--- What you are asked to do ---
Beginning with the first line below, please restate each line exactly, down to and including the line containing "만약에 SEP IRA에서".

Information shown Start Marker

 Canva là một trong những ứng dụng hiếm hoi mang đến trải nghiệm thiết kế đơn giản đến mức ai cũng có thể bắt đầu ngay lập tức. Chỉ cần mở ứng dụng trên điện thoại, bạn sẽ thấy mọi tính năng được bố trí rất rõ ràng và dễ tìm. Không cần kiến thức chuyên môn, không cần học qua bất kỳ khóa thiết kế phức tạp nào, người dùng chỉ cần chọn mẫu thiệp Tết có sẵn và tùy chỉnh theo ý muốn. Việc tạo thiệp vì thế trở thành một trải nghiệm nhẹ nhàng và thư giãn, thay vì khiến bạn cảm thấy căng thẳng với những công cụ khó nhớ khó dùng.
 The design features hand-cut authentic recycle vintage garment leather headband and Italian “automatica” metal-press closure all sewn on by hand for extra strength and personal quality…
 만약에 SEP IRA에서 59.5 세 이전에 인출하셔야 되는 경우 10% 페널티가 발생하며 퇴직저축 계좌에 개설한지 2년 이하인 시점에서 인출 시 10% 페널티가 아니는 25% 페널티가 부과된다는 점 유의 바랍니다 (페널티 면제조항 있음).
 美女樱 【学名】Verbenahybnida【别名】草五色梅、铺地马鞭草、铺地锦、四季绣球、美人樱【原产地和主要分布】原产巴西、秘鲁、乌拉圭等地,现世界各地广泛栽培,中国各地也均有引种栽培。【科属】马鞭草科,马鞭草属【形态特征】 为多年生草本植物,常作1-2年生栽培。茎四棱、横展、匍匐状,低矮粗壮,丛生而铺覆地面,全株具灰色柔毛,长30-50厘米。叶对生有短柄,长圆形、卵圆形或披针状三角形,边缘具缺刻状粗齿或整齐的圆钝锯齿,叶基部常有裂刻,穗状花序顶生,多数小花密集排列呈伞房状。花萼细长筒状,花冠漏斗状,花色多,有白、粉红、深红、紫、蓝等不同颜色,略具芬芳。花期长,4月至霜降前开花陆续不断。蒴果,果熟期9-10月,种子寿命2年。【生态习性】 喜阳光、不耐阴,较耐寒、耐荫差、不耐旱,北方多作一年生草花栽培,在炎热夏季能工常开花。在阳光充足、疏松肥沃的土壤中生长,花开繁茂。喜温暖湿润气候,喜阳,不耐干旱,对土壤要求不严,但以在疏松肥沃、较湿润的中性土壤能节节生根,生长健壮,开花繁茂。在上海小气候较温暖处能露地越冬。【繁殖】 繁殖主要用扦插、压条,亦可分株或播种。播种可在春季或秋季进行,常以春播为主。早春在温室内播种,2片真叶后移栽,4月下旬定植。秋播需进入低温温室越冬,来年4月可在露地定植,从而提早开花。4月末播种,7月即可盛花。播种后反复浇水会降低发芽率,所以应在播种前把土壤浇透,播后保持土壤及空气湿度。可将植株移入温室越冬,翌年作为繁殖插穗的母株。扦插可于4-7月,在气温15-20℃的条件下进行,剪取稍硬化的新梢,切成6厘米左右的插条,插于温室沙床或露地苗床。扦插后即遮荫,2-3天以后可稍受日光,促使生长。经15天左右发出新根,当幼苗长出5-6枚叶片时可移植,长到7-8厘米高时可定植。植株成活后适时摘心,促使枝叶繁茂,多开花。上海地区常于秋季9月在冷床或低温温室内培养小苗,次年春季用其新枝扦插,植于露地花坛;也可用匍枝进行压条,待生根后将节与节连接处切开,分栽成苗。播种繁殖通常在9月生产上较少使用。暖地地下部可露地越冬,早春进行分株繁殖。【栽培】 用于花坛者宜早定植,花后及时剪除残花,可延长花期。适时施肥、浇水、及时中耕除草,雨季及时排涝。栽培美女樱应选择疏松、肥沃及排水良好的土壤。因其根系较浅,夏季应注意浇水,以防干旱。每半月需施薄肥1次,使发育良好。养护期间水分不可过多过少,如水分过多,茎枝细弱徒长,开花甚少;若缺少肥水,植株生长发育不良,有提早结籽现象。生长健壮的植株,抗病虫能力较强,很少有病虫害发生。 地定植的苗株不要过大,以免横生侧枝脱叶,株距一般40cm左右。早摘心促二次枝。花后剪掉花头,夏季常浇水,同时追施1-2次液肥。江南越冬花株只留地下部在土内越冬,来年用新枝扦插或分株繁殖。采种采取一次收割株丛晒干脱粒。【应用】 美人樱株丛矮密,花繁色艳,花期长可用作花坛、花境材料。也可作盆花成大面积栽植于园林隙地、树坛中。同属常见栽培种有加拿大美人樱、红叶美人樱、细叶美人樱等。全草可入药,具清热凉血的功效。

Information shown End Marker

--- Written answer ---
 Canva là một trong những ứng dụng hiếm hoi mang đến trải nghiệm thiết kế đơn giản đến mức ai cũng có thể bắt đầu ngay lập tức. Chỉ cần mở ứng dụng trên điện thoại, bạn sẽ thấy mọi tính năng được bố trí rất rõ ràng và dễ tìm. Không cần kiến thức chuyên môn, không cần học qua bất kỳ khóa thiết kế phức tạp nào, người dùng chỉ cần chọn mẫu thiệp Tết có sẵn và tùy chỉnh theo ý muốn. Việc tạo thiệp vì thế trở thành một trải nghiệm nhẹ nhàng và thư giãn, thay vì khiến bạn cảm thấy căng thẳng với những công cụ khó nhớ khó dùng.
 The design features hand-cut authentic recycle vintage garment leather headband and Italian “automatica” metal-press closure all sewn on by hand for extra strength and personal quality…
 만약에 SEP IRA에서 59.5 세 이전에 인출하셔야 되는 경우 10% 페널티가 발생하며 퇴직저축 계좌에 개설한지 2년 이하인 시점에서 인출 시 10% 페널티가 아니는 25% 페널티가 부과된다는 점 유의 바랍니다 (페널티 면제조항 있음).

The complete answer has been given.